Published online by Cambridge University Press: 13 June 2014
Objective: To determine the proportion of those that are homeless attending the Mater Misericordiae Hospital's (MUH) psychiatric service, including those presenting to accident and emergency who were homeless, and to compare the homeless group with the non-homeless so as to obtain a profile of this group.
Methods: All adults over 16, referred for psychiatric assessment, attending A&E were included, as were those attending outpatient clinics, liaison consultations and inpatients in the psychiatric unit, in the six-month period from January to June 2003. Excluded were those who were under 16, who refused to participate, who did not speak English, those with a diagnosis of personality disorder and organic brain damage. Questionnaires were completed by psychiatric registrars and a community psychiatric nurse, with an ICD-10 diagnosis recorded on each individual, in consultation with the treating consultant psychiatrist.
Results: A total of 628 patients were seen in MUH during the study period, and 13.8% were homeless. Of the homeless, 56.3% were seen as emergency referrals in the A&E, 23% were inpatients (including the psychiatric unit and consultations in medical/surgical wards) and 20.7% were seen in the outpatient department. Of all the A&E referrals to psychiatry, 34.8% were homeless. The homeless presented most commonly in suicidal crisis (26.6%) compared with 12.5% in the non-homeless group. Substance-abuse disorders were the primary diagnosis in 42.3% of the homeless group, accounting for 14.2% in the housed sample.
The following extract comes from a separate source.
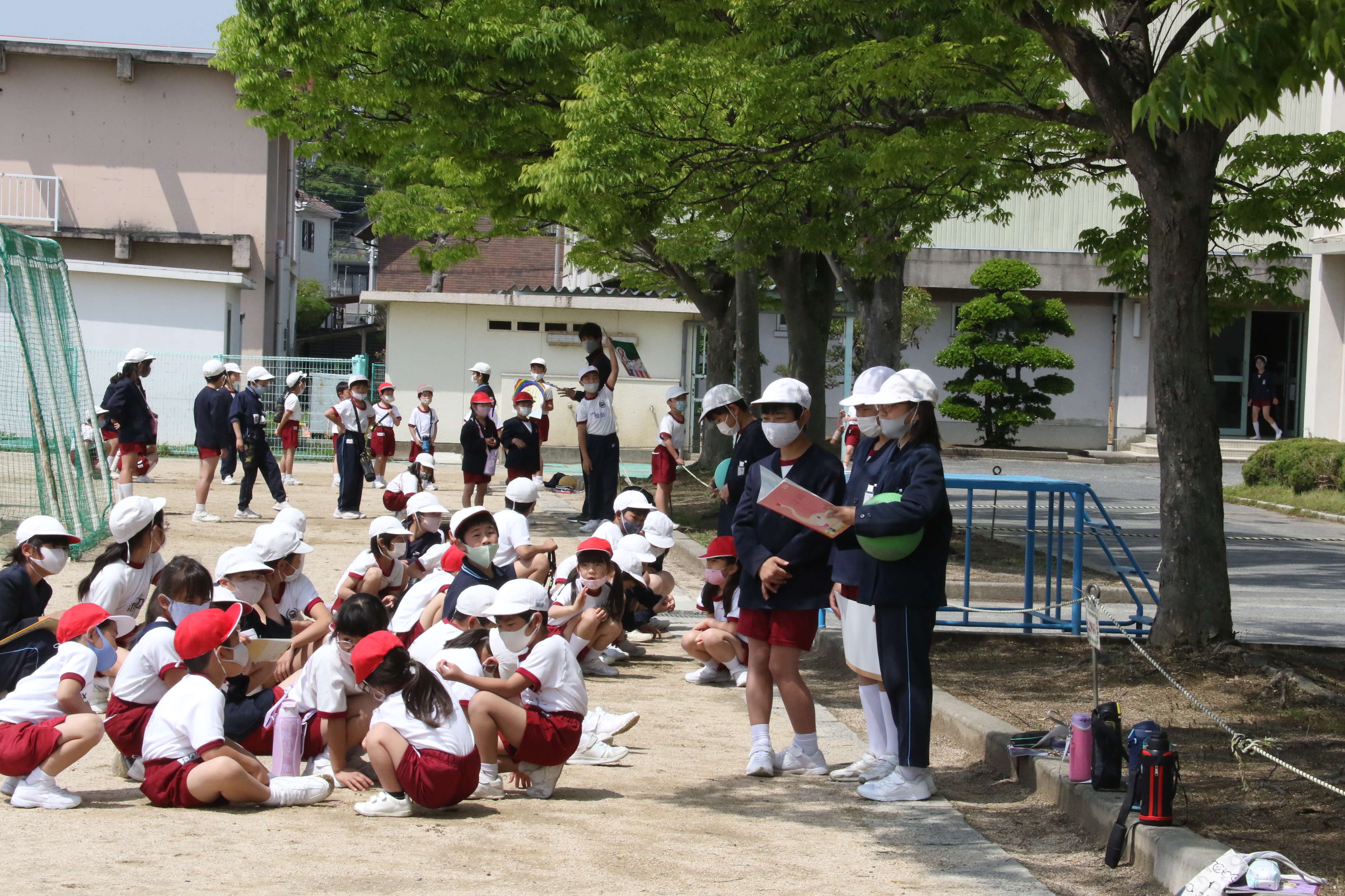 | 1年生から6年生までの混合班(縦割り班)で行うなかま班活動では、1年間、助け合いながら掃除や、集団遊びなどをします。今日は6年生がリーダーシップをとって、なかま班で自己紹介をしたのち、ゲームをして交流しました。 |

Outcome for both groups was similar, with slightly more homeless being referred for psychiatric admission (17.8%), as compared to 12.0% in the nonhomeless group.
Conclusions: Mental illness and the need for psychiatric services remain a serious issue for a significant segment of the homeless population. The homeless are overrepresented in our accident and emergency department, with their psychological and medical needs not being met in primary care. An integrated multi-disciplinary treatment approach, including outreach work, that addresses their many needs, appears to hold the greatest promise of success in this population.